> [What you need to do]:
Pictures excluded, output exactly the lines from the one containing "- дерево, солнышко, тучка" through the last line of the listing below.

> [Provided data]:

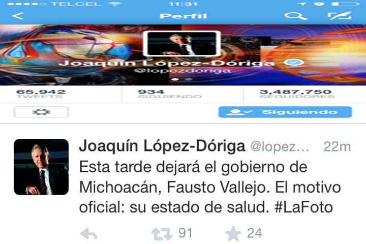 NOTICIAS 18/06/2014Ya se lo informó a López Dóriga: Fausto deja el cargo"Está tarde dejará el gobierno de Michoacán, Fausto Vallejo. El motivo oficial: su estado de salud. #LaFoto", escribió en su cuenta de twitter el periodista Joaquín López Dóriga hace unos momentos.
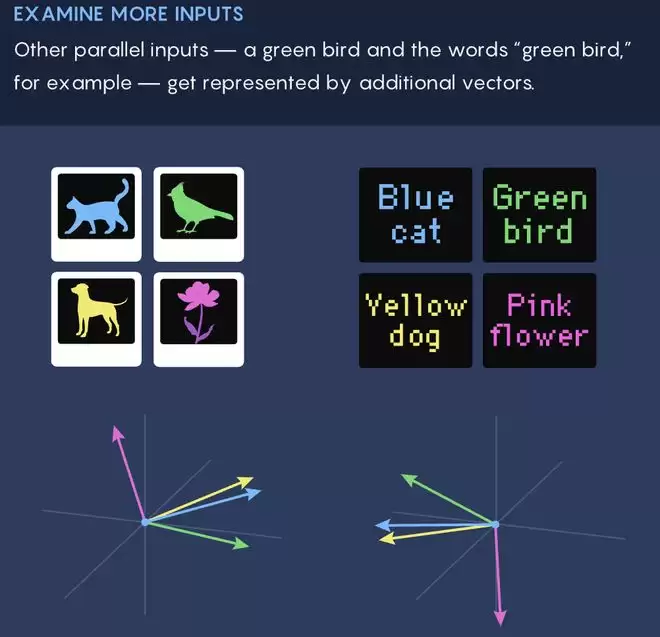 在视觉模型里,「猫」的向量则靠近胡须、圆眼睛、软毛、优雅的尾巴等视觉特征。
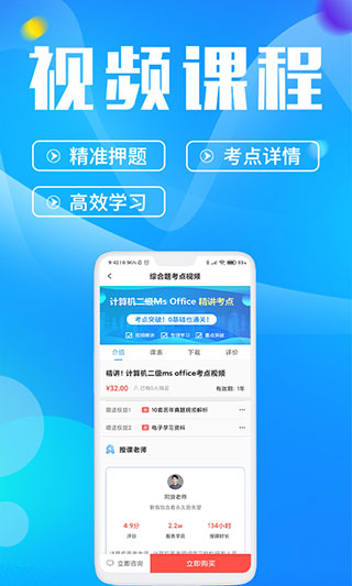 计算机二级MsOffice是一款专为二级高级Ms Office考证设计的题库软件,由四川可为梦想科技有限公司开发,软件拥有大量视频为考生详解考点,拥有丰富的题库,让考生进行实战训练。题库全网实时更新,不用担心题库落后,软件还有多样的做题模式,让学习更加轻松有趣。如果用户需要针对性练习,可选择专题练习,以达到巩固学习精准突破的目的,软件还会自动统计练习错题,针对性巩固练习模拟考试,难题易错题可一次性复习完成,练习过程中还可将题目收入至收藏夹,让找题更加简便。软件还支持离线做题,无需网络一样能做题,充分利用碎片化时间强化自己。需要靠二级office证的用户可以下载使用。
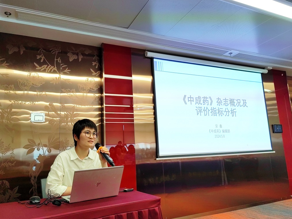 安鑫副主编以“中成药杂志概况及评价指标分析”分享了《中成药》杂志概况。中成药自1978年创刊,被中国科学引文数据库来源期刊、中国中文核心期刊、中国科技核心期刊等多个数据库收录。并从核心期刊遴选体系、期刊量化指标如综合影响因子、基金论文比、他引率等方面带领大家了解《中成药》及国内中医药期刊的影响力。
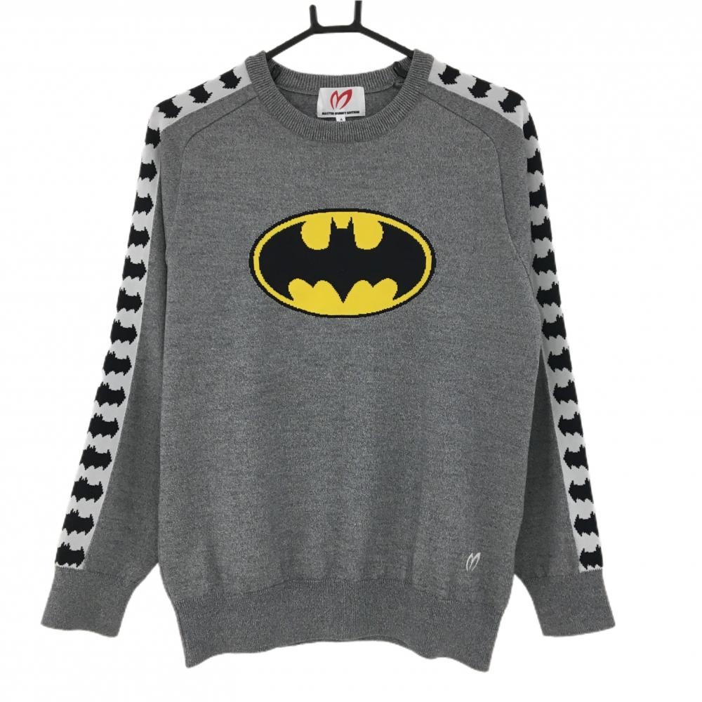 【美品】マスターバニー セーター イエロー×グレー フロントロゴ カシミヤ混 メンズ 4(M) ゴルフウェア MASTER BUNNY EDITION
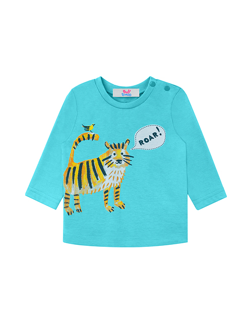 Яркая футболка с забавным принтом для юного модника! Удобные застёжки-кнопки позволяют быстро и без проблем одеть малыша. Натуральный материал и свободный силуэт обеспечат ему комфорт и отличное настроение
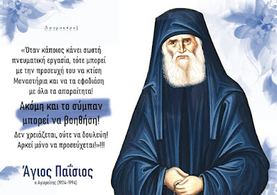 Ἀπό τό Βιβλίο Ἁγ. Παϊσίου Ἁγιορείτου ΛΟΓΟΙ Β’ «Πνευματικὴ Ἀφύπνιση» σελ.186 ἐκδόσεις ΙΕΡΟΝ ΗΣΥΧΑΣΤΗΡΙΟΝ «ΕΥΑΓΓΕΛΙΣΤΗΣ ΙΩΑΝΝΗΣ Ὁ ΘΕΟΛΟΓΟΣ» ΣΟΥΡΩΤΗ ΘΕΣΣΑΛΟΝΙΚΗΣ Προσευχή, ὀρθὴ ζωή, παρ…
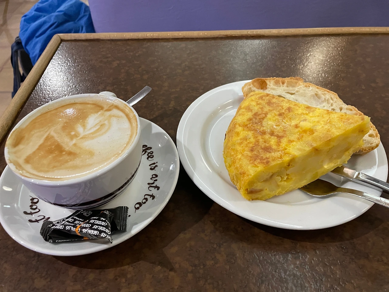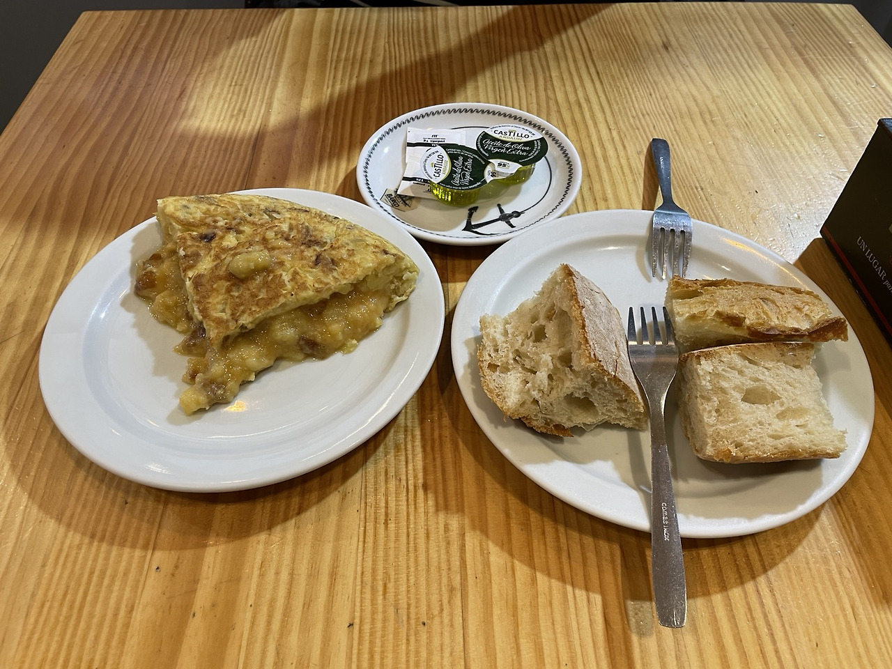 스페인 내에서도 또르띠야는 아무 데서나 먹으면 맛이 없다. 구글 리뷰에 스페인 사람들이 사진과 함께 남긴 코멘트를 잘 읽어보고, 또르띠야를 잘하는 집에서 먹으면 혼자 2조각도 거뜬히 먹을 수 있다. 참고로 또르띠야 1조각을 먹으려면 Pincho de Tortilla(핀초 데 또르띠야)를 주문해야 한다. 서빙하는 사람이 되묻긴 하겠지만, 그냥 Tortilla를 시키면 작은 피자 1판 사이즈만 한 또르띠야가 나올 수 있으니 유의해야 한다.
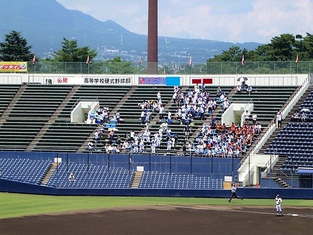 地方大会の初戦で、そんなに名の知れた高校の対戦ではないので観客席もまばら。応援はベンチ入りできない部員と父兄さんくらいかな。
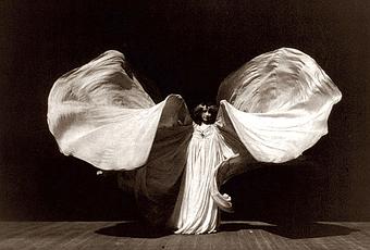 Inspiration— Des dizaines de mètres de tissu pour apparaître tantôt en fleur, tantôt en papillon, tantôt en méduse abyssale. La comédienne et danseuse Loie Fuller subjuguera les foules pendant des années avec sa chorégraphie bien singulière. Au détour du web, cette nuit, j’ai mis la main sur cette Danse serpentine, une vidéo, source d’inspirations à partager absolument.
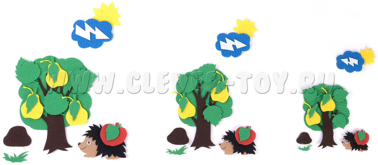 - дерево, солнышко, тучка с молнией, корзинка, ёжик маленького, среднего и большого размера (по три шт. каждого вида);
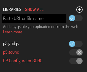 あなたにとって、または特定のユースケースにおいて、p5.js本体の機能だけでは不便に感じることもあるでしょう。p5.jsは幅広いユーザーをターゲットとしているので、ニッチな機能を本体に組み込むことはあまりいいアイデアではないと理解できると思います。そこで、アドオンライブラリの出番です。p5.jsで扱いやすい便利機能を、自由に作ることができます。

> [Output for this task]:
 - дерево, солнышко, тучка с молнией, корзинка, ёжик маленького, среднего и большого размера (по три шт. каждого вида);
 あなたにとって、または特定のユースケースにおいて、p5.js本体の機能だけでは不便に感じることもあるでしょう。p5.jsは幅広いユーザーをターゲットとしているので、ニッチな機能を本体に組み込むことはあまりいいアイデアではないと理解できると思います。そこで、アドオンライブラリの出番です。p5.jsで扱いやすい便利機能を、自由に作ることができます。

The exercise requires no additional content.